[Recorded data]
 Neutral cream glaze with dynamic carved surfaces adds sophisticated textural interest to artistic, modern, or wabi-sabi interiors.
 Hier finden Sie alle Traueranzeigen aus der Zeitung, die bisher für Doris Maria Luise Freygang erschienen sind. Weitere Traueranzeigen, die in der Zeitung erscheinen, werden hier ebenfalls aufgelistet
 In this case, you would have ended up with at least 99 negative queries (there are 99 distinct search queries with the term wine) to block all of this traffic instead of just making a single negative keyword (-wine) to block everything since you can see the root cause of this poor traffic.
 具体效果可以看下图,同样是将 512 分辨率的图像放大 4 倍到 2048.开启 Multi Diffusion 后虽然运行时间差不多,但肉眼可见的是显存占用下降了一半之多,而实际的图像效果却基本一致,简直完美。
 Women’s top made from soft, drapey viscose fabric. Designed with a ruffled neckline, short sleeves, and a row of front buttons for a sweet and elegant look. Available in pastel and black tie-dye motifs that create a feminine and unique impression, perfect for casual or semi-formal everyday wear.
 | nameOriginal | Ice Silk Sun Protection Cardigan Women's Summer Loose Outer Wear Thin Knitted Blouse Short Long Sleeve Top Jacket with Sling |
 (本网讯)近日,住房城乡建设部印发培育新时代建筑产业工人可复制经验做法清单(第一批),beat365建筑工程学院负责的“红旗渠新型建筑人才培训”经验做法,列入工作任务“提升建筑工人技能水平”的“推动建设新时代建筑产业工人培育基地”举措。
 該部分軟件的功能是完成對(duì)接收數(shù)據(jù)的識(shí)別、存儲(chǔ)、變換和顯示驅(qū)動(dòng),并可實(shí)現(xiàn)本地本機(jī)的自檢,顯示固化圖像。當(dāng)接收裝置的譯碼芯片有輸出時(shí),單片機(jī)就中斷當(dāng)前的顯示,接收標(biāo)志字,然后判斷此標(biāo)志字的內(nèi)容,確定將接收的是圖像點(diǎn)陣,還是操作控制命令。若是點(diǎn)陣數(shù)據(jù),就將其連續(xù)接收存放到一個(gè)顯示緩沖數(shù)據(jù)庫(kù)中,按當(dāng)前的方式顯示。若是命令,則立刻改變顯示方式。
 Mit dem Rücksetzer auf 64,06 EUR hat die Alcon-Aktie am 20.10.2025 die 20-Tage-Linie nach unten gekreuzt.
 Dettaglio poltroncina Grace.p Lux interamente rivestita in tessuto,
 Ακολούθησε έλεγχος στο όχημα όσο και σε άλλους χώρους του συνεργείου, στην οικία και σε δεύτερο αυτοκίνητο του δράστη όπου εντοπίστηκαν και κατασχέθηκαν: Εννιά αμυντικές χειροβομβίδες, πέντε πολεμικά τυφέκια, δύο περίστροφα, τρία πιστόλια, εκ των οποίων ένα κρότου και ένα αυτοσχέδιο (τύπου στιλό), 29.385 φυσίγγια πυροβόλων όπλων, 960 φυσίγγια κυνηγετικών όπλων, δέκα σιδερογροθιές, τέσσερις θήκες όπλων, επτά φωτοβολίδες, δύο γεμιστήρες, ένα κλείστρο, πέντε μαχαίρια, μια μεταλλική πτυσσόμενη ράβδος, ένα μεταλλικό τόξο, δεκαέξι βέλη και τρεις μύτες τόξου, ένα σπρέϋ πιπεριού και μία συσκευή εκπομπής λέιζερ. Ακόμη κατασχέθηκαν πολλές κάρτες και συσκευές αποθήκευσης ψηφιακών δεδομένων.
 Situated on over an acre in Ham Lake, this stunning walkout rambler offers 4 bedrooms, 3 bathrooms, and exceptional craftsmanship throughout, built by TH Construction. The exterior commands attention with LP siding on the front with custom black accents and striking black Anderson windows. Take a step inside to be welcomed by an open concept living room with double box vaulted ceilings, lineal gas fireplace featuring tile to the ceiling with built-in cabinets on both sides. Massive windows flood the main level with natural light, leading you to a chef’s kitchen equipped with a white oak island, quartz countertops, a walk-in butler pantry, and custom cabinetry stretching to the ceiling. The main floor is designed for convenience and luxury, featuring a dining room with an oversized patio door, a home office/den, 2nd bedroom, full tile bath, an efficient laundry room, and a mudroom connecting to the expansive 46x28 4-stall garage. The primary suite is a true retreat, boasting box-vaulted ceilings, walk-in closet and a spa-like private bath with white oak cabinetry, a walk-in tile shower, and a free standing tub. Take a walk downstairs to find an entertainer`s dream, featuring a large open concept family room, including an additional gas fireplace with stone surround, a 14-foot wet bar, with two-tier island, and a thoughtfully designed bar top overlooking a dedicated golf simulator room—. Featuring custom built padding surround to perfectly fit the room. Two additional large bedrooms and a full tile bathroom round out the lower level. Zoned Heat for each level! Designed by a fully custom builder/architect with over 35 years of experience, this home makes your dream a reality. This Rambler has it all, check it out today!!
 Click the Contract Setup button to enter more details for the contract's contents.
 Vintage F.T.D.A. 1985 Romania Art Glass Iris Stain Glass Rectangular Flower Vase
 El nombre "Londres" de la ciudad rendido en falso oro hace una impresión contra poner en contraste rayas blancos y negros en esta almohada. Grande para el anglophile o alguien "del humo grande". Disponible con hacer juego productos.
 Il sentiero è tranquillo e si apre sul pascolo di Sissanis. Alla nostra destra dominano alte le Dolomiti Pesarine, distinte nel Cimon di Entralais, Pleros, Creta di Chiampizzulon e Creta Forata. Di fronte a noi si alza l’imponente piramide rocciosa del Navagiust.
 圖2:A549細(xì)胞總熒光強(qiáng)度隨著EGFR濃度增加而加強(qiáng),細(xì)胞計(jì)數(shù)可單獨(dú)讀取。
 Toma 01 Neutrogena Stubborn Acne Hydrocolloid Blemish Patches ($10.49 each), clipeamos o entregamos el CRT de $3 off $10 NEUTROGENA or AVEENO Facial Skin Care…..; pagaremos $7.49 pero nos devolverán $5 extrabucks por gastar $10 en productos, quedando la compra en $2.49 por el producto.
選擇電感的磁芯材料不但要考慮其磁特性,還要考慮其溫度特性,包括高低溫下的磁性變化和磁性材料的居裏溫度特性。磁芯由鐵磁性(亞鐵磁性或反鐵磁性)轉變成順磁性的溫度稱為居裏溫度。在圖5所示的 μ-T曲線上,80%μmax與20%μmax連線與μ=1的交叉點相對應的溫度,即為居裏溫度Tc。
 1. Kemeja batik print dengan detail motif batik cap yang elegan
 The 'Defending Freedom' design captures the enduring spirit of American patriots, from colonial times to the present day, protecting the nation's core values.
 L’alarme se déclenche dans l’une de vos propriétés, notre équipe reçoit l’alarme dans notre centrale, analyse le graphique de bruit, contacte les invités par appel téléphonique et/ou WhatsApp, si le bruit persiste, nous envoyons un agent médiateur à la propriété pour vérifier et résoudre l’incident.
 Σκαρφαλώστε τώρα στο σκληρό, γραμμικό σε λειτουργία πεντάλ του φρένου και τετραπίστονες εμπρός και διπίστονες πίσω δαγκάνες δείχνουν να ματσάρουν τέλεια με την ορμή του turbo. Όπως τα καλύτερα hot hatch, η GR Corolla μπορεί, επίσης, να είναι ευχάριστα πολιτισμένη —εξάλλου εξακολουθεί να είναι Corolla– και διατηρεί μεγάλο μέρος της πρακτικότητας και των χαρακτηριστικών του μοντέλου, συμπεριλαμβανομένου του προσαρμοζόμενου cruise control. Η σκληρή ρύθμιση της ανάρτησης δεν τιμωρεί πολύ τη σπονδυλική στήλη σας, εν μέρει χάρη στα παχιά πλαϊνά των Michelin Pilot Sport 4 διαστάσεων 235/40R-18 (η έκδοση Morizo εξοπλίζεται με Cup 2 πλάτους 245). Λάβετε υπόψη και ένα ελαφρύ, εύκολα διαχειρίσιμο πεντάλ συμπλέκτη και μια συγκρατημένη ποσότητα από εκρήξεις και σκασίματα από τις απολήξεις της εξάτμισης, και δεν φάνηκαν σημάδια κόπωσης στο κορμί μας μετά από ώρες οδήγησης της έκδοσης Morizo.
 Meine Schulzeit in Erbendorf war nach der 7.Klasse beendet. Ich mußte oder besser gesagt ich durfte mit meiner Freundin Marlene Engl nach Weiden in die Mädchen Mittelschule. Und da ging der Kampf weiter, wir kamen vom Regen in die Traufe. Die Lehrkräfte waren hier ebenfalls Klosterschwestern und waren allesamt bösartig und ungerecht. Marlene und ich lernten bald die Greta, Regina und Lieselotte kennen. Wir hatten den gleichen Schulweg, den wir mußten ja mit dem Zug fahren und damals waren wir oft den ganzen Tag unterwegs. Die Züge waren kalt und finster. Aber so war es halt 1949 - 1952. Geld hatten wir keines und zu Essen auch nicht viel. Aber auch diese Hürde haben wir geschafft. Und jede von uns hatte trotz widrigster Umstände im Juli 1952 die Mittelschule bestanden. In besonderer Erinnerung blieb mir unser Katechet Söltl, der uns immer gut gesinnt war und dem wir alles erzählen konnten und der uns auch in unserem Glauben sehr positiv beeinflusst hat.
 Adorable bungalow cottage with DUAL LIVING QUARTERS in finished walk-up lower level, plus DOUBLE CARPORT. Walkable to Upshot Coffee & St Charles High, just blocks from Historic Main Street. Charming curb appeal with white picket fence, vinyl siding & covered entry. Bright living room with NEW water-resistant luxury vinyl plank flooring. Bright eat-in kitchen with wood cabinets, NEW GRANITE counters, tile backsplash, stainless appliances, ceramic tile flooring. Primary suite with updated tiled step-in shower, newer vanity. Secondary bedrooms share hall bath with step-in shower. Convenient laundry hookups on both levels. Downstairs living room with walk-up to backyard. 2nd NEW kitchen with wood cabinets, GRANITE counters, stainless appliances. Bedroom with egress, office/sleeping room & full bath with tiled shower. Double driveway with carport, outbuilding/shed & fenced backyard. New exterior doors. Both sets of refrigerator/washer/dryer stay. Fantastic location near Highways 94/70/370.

### WORK ITEM
Where does the string "Women" appear in the records above? Show every line that holds it.

### COMPLETED EXERCISE
 Women’s top made from soft, drapey viscose fabric. Designed with a ruffled neckline, short sleeves, and a row of front buttons for a sweet and elegant look. Available in pastel and black tie-dye motifs that create a feminine and unique impression, perfect for casual or semi-formal everyday wear.
 | nameOriginal | Ice Silk Sun Protection Cardigan Women's Summer Loose Outer Wear Thin Knitted Blouse Short Long Sleeve Top Jacket with Sling |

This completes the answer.